In other words it is not as simple as you are indicating. And there are other considerations. This is why the analysis is normally carried out by academics who have training in proper statistical methodology and modeling.
And tfb says you have to be in or out of the market no hedging which is also silly. Why not say the timer has to go short too when he is out of the market?
It is not silly, it is factual. The reality is the only reason Brinker hedged in 2000 was because he failed to correctly time the market in the past because his system is and was a failed model which he freely acknowledged. So he came up with this hedging nonsense because he knew he could manipulate it to give the appearance of accuracy, and that is what he has done. He never corrects a caller when they say he made a brilliant call and they got out of the market back in 2000. He never got out of the market, he simply reduced some his exposure. That is not market timing. And if you listened to the audio of that show you would laugh you ass off at how timid, frightened, and childish he sounded when making that announcement. There was no: I believe the market may correct in the months ahead, no it was this total pussy: how would you feel if the market went up 10% and you only gained 6%, but if it went down 10% you would only lose 6% - LOL. He had no conviction and it sounded like he was trying to convince himself. If this is the type of pussy game you are going to play then just stick to asset allocation with a rebalance. You will get the same effect. I’ll admit it, I am a market coward. I have critical mass and I do not want to see it diminished. So I play the pussy game, but at least I’ll admit it. That call was not market timing, it was ball-less faggoty pussy shit! And I put it in that context because if you are going to proclaim you are market timer and charge people for your advice then time the damn market – don’t play pussy hedge games.
And yes if he had any conviction he would go short. But you know why he does not, because Brinker knows his entire system is bullshit! That is why his newsletters start tracking after 1988 – because he blew both ends of the 87 downturn! He totally crippled people effectively for the rest of their life with his market timing bullshit! They are forever handicapped by the capital gains and the dividends they missed when the market shot up. Compound interest is a bitch of a mistress when you are on the wrong side of the equation as Brinker was. You are forever trying to play catch up, always having to mislead, hide and cover up your actual record.
I am still waiting for demonstration that Bob Brinker has ever successfully timed the market. Just one little instance, so go ahead and take the tfb challenge.
tfb
Well it's OK, Fuzzy One that you don't have an opinion! :-)
Pardon me for LOL but I just read tfb's arguments against market timing and I think they come right from Chapter 10 of a 1955 Beginning Investments book.
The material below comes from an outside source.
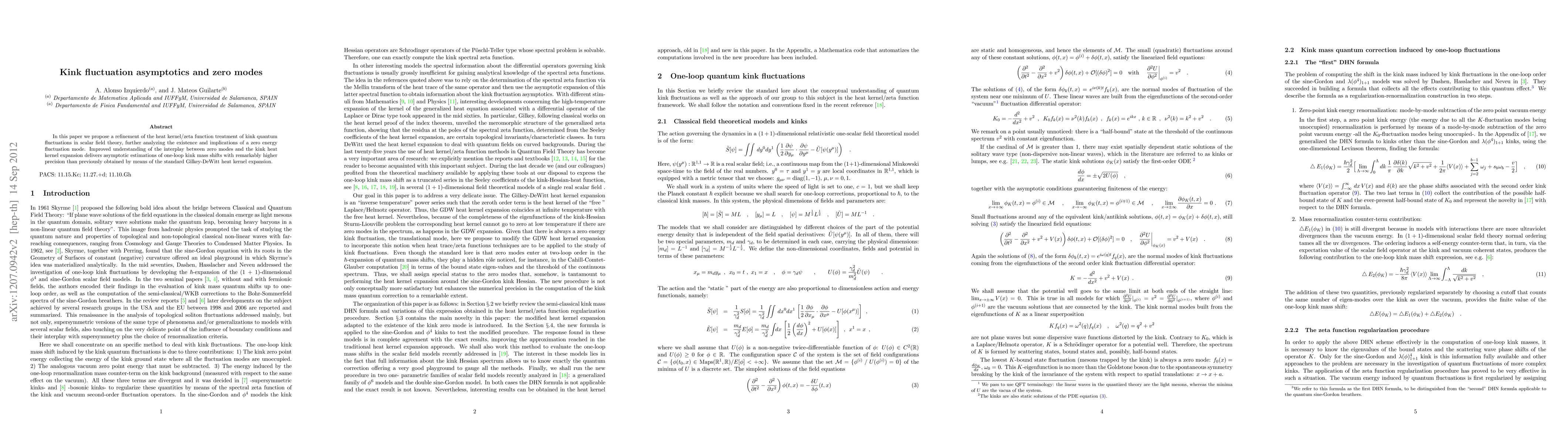 This paper refines the heat kernel/zeta function approach to study kink quantum fluctuations in scalar field theory, focusing on zero energy fluctuation modes. It provides more precise asymptotic estimations of one-loop kink mass shifts compared to the standard Gilkey-DeWitt method.

He talks about missed dividends which may have been important years and years ago when dividends made up half of the markets total returns. That hasn't been true for years.
And transaction costs really made me laugh. There was a time when transaction costs could amount to thousands of dollars but with the advent of discount brokers transaction costs are either non-existent or negligible. To talk about them seriously weaken any argument and dates the author as out of touch if not outmoded.
I don't know if Bob Brinker can time the market or not but trotting out yesterday's arguments in today's market environment is not persuasive at all.
Again pardon me for jumping in and LOL.